Selon Jirousek, il est désormais impossible de séparer la connotation péjorative envers les autochtones entourant le nom des Redmen : « Le nom des Redmen représente, d’une manière générale, la relation que McGill entretient avec les communautés autochtones, mais aussi son histoire par rapport aux communautés autochtones. Lorsque nous regardons l’héritage que le nom Redmen porte ainsi que les précédents surnoms des équipes de McGill, les Indians, les Squaws, nous songeons aux dommages que cela a causé aux étudiant·e·s autochtones sur le campus », a‑t-il expliqué au Délit dans un entretien.

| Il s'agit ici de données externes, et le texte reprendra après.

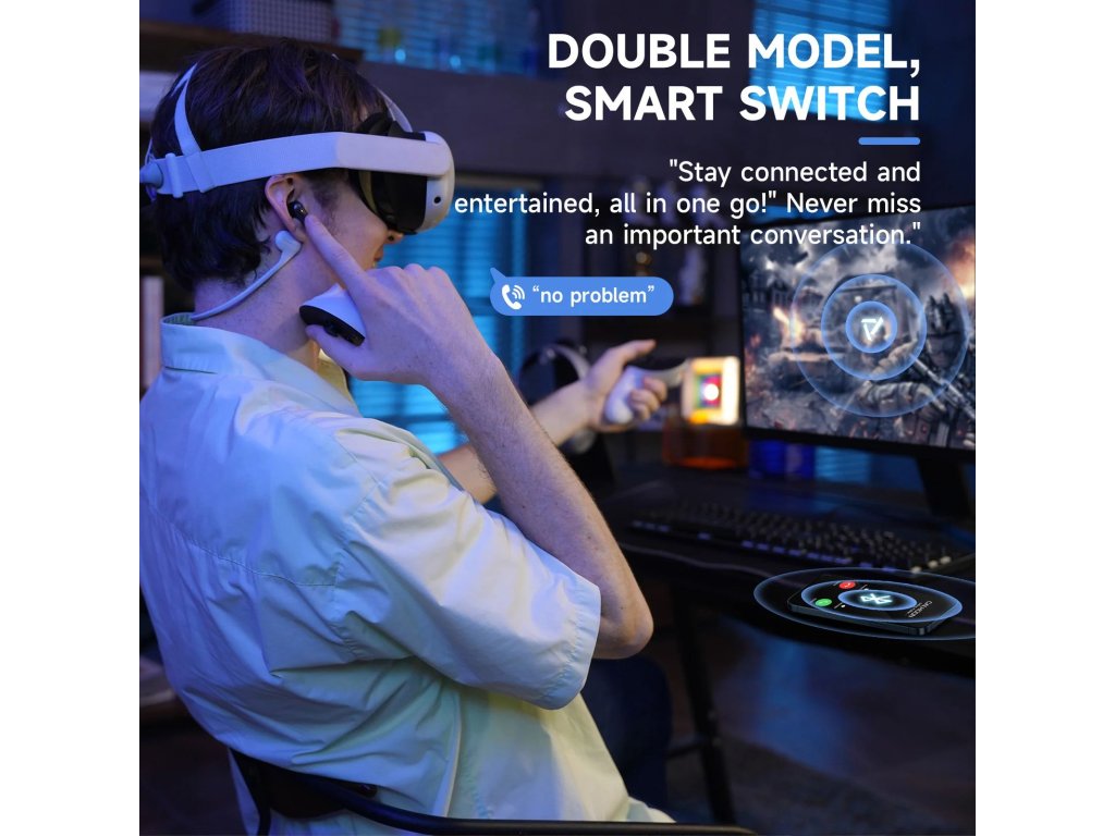 Bezdrátová herní sluchátka PrismXR bez zpoždění pro VR Meta Quest 3, 3S, 2, Pico Ultra, PS5, PC USB-C + Blutetooth
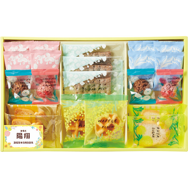 ●焼きほろろクッキー×8(プレーン・いちご×各4)、スクエアパイ(ショコラ)×3、ワッフル(プレーン)×2、ラスク×4(シュガー・ココナッツ×各2)、チョコレートクランチ×4(ミルク・いちご×各2) ●箱サイズ:40×24.5×3.5cm ●名入れ ※賞味期限は製造・加工日を基準に表記しております。お届け時の期限が配送状況等により異なりますので、あらかじめご了承ください。 ※賞味期限が表記されていない商品の賞味期限は91日以上です。
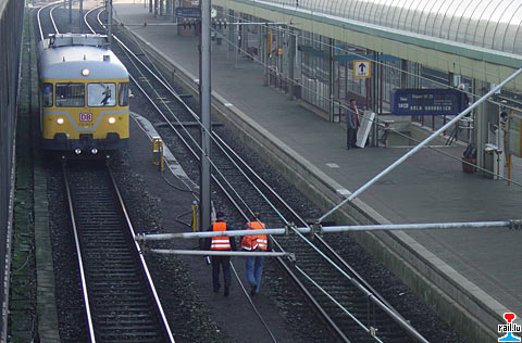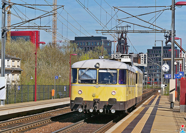 Le train de mesure de l'écartement de la voie de la DB parcourra les lignes luxembourgeoises du 04.04. au 07.04.2011 pour contrôler l'écartement. Ici, on le voit de passage en gare de Berchem. (Photos: 04.04.2011, ©Nico Berté)
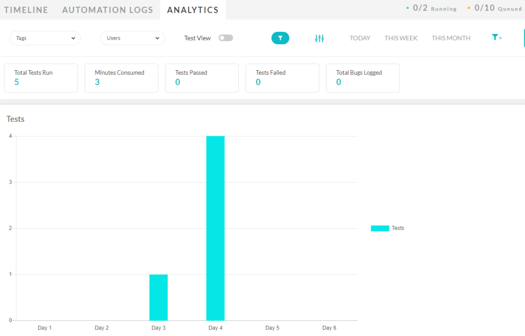 Finally the Analytics option provides metrics on your test execution and can be customised to include specific graphs and filters to specific time periods you’re interested in:

Il précise également que le l’intention originelle du nom Redmen, qui n’aurait pas de connotation raciale, n’importe plus aujourd’hui puisque le surnom est désormais associé aux représentations stéréotypées et insultantes des Autochtones.
Le regard des athlètes
Joshua Archibald, athlète de haut niveau dans l’équipe de football de McGill, a insisté sur la raison pour laquelle il fallait changer le nom de l’équipe ; la victoire de l’équipe ne s’expliquerait pas uniquement par sa capacité à agir de manière collective, car « gagner commence avec l’inclusivité et faire en sorte que chacun trouve sa place ». Selon ce dernier, changer le nom enverrait un message fort aux étudiant·e·s autochtones : leurs intérêts seraient enfin valorisés. Il a conclu en affirmant qu’« une fois que le lien est tissé, le ciel est la seule limite ».
Un problème complexe
L’historienne américaine Jennifer Guiliano, spécialisée en humanisme digital, était également présente pour soutenir la cause des élèves autochtones. Intervenant le jour d’après lors d’un atelier sur l’appropriation culturelle, sa présence a apporté un regard plus historique à la conversation. Elle a dénoncé la réalité historique dans laquelle le terme « Redmen » avait été donné aux Autochtones : la couleur de peau de ceux·celles-ci, telle que perçue par les colons européens. Elle rappelle également le terme « colérique », caractéristique attribuée aux Autochtones du fait de leur teinte de peau, perçue comme une réelle maladie. Enfin, elle dénonce l’attitude de l’Université face au nom de ses équipes sportives, qui par peur de perdre des fonds, n’a rien entrepris pour le changer. Elle est plutôt persuadée que le changement de nom entraînerait au contraire une augmentation du nombre de donateurs pour les équipes sportives. Elle a aussi souligné le manque de données sur l’opinion des élèves autochtones lors des enquêtes de l’Université, souvent mal représentée. Elle a conclu en affirmant que « le problème ne peut pas être réduit au principe du politiquement correct, il s’agit du droit des peuples autochtones à être les maîtres de leur identité ».
La suite du combat
Tomas a insisté sur la nécessité d’accepter et de reconnaître le passé afin de se diriger vers la réconciliation entre les peuples. Ce pas de plus dans la lutte contre l’exclusion des Autochtones au sein de l’Université n’est que le début ; la proposition du changement de nom des équipes sportives de McGill s’inscrit dans une plus large démarche visant à augmenter l’inclusion des étudiant·e·s autochtones sur le campus. Le rapport final du Groupe de travail du vice-principal exécutif sur les études et l’éducation autochtones en témoigne. Parmi les autres recommandations du rapport se trouvent notamment des initiatives pour augmenter l’admission et la rétention des étudiant·e·s autochtones à McGill en augmentant les bourses leur étant accordées, mais aussi des propositions entourant la présence symbolique de McGill dans sa relation avec les communautés autochtones (dont le changement de nom des Redmen). Le rapport du groupe de travail met aussi en lumière l’importance d’accentuer la formation dans les domaines de la santé au sein des communautés autochtones, et ce en collaboration avec les éducateur·rice·s et les professionel·le·s en soin de santé.